** GIVEN RECORDS follows **

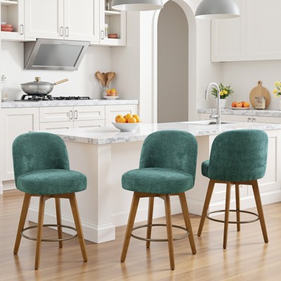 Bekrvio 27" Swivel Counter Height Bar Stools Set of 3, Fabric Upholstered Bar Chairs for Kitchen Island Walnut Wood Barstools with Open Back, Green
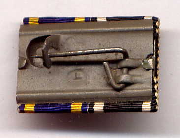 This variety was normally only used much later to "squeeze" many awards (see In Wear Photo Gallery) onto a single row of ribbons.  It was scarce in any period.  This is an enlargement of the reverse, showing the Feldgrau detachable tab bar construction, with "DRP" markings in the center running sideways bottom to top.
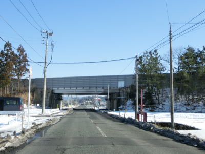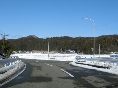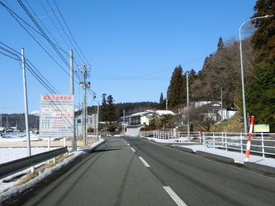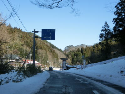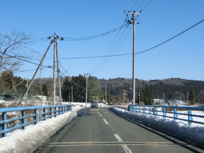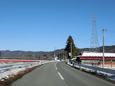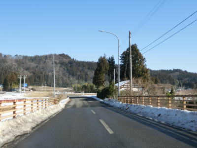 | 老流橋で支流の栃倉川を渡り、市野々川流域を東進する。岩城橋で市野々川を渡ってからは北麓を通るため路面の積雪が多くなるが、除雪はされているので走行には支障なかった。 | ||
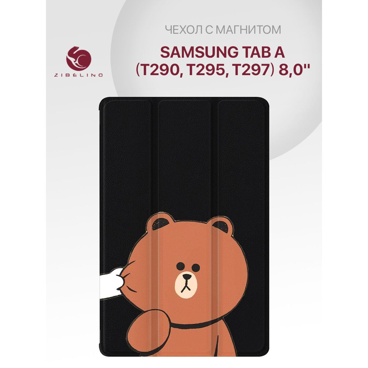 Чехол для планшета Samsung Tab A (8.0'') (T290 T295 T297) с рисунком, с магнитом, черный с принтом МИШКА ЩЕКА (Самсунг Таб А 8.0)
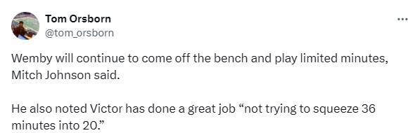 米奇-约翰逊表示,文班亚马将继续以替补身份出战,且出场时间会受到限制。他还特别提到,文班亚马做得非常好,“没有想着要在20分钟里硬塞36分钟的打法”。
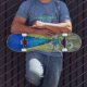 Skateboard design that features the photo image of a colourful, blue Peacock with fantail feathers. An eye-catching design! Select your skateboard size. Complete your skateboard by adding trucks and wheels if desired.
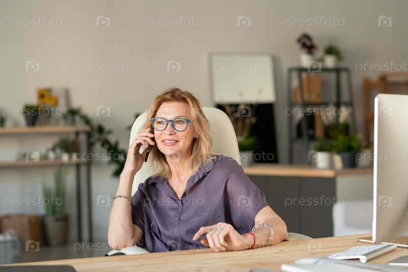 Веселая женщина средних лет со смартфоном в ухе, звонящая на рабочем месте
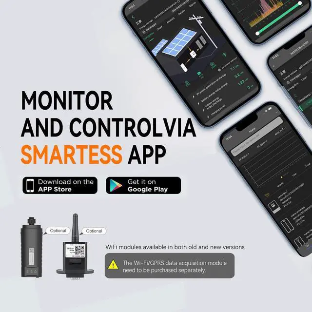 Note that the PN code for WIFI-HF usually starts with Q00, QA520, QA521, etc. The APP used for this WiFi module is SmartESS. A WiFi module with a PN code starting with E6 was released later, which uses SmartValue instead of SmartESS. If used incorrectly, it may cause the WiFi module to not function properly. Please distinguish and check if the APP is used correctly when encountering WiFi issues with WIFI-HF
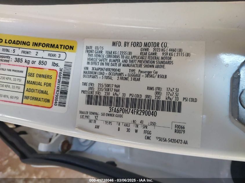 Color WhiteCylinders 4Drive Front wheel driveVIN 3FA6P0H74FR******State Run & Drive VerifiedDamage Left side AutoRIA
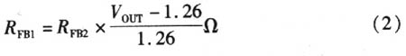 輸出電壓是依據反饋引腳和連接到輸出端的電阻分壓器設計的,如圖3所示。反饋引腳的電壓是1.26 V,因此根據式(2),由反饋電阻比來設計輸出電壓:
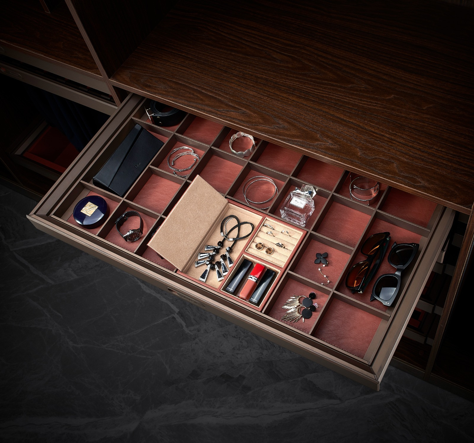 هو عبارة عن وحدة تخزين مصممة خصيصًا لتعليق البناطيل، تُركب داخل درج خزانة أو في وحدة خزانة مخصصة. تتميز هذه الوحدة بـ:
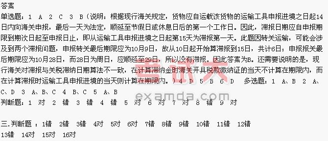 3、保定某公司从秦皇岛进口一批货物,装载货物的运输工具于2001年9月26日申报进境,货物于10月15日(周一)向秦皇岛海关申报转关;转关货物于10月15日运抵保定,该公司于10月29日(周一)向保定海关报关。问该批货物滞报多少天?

** End of GIVEN RECORDS **
** GIVEN RECORDS follows **

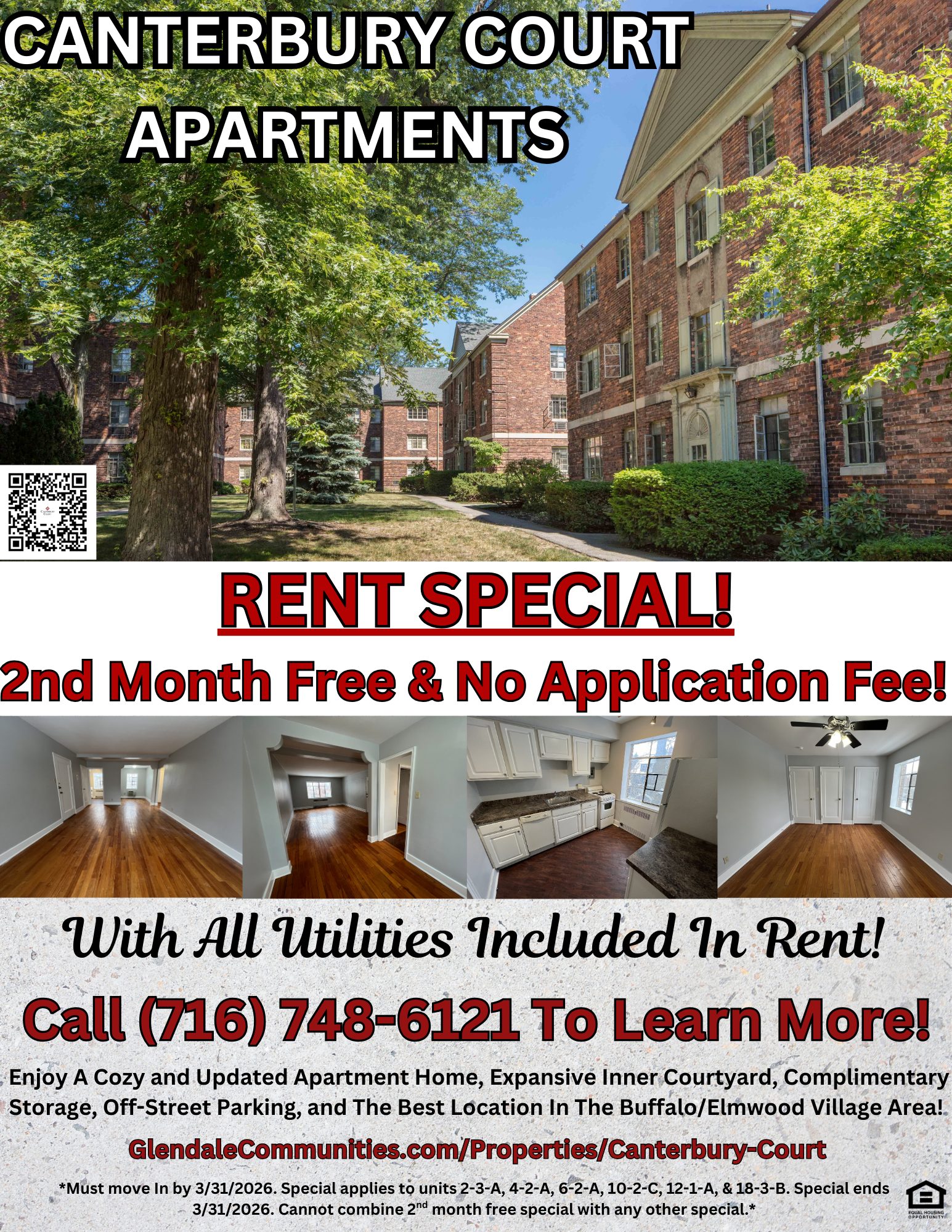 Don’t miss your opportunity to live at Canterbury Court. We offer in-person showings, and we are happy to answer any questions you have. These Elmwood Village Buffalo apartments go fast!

** End of GIVEN RECORDS **

AIM OF THE EXERCISE: Without the pictures, give again exactly the lines above starting at the line containing "Чехол для планшета" and ending at the line containing "米奇-约翰逊表示,文班亚马将".

RESULT FOR THIS EXERCISE:
 Чехол для планшета Samsung Tab A (8.0'') (T290 T295 T297) с рисунком, с магнитом, черный с принтом МИШКА ЩЕКА (Самсунг Таб А 8.0)
 米奇-约翰逊表示,文班亚马将继续以替补身份出战,且出场时间会受到限制。他还特别提到,文班亚马做得非常好,“没有想着要在20分钟里硬塞36分钟的打法”。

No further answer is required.